Und ihn schmerzte jeder Muskel. Er schlug die Augen auf und blinzelte in grelles, weisses Licht.
„Er kommt zu sich“, hörte er eine Stimme aus weiter Ferne.
Es war die stimme vom Charley. Er und Mikey hatten am Strand gestanden und den wilden Surfer beobachtet, als dieser auf einer gigantischen Welle dahin ritt. Nachdem dieser in der zusammenstürzenden Welle verschwunden war und kurz darauf ans Ufer gespült wurde, rannten sie auf den regungslosen Körper zu und erkannten in ihm Geoffrey.
„Was machst du denn für scheisse!“ hatte Mikey ausser sich geschrieen.
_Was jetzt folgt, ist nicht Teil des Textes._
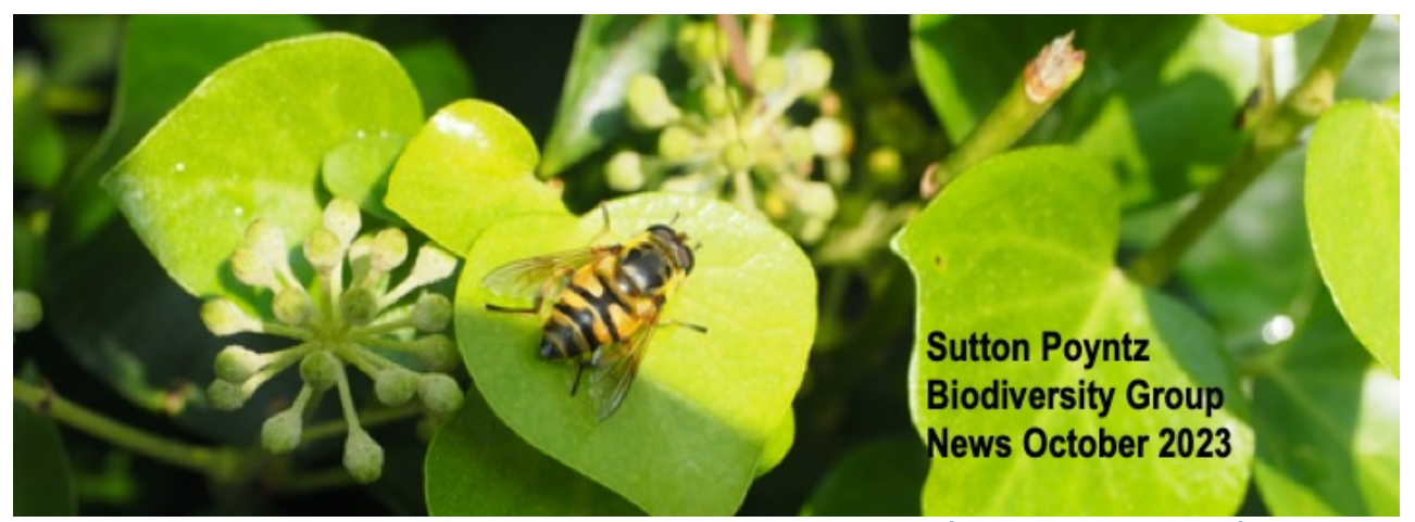
Garden Bird Watch this month starts 22<sup>nd</sup> October to 29<sup>th</sup>

The banner photograph shows a hoverfly about to nectar on ivy. My impression for pollinators in 2023 in that the number of bees, hoverflies, moths and butterflies are well down. Apart from the hottest June for years, the weather has been quite mixed and unkind for insects. Our moth recording efforts are well below previous years but I have yet to collect all our data in.

Sie hatten sich schon gewundert, was für Verrückte bei diesem Sturm es gewagt hatten, da raus zu schwimmen. Und dann war es ausgerechnet Geoffrey. Einer aus ihrer Clique. Geoffrey, der Perfektionist. Aber irgendwie konnten sie sich schon ausmalen, was ihn dazu getrieben hatte. Er nahm sich die Trennung halt schon sehr zu herzen. Aber geplanter Wahnsinn oder doch nur eine Verkalkulation, zum Glück kam er mit einigen Prellungen und einer Gehirnerschütterung davon.
„Hast verdammtes Glück gehabt, Geoff“, sagte Mikey, als dieser nun endgültig die Augen aufschlug und sich im Zimmer eines Spitals bei Bewusstsein wieder fand. „Einen Anderen hätte es wohl zu Tode geschlagen.“
Geoffrey mochte nichts dazu sagen. Nachdem er ihre Augen vor seinem geistigen Auge sah und im Traum Gouders kräftige Arme gespürt hatte, wünschte er sich nur noch im Himmel zu sein.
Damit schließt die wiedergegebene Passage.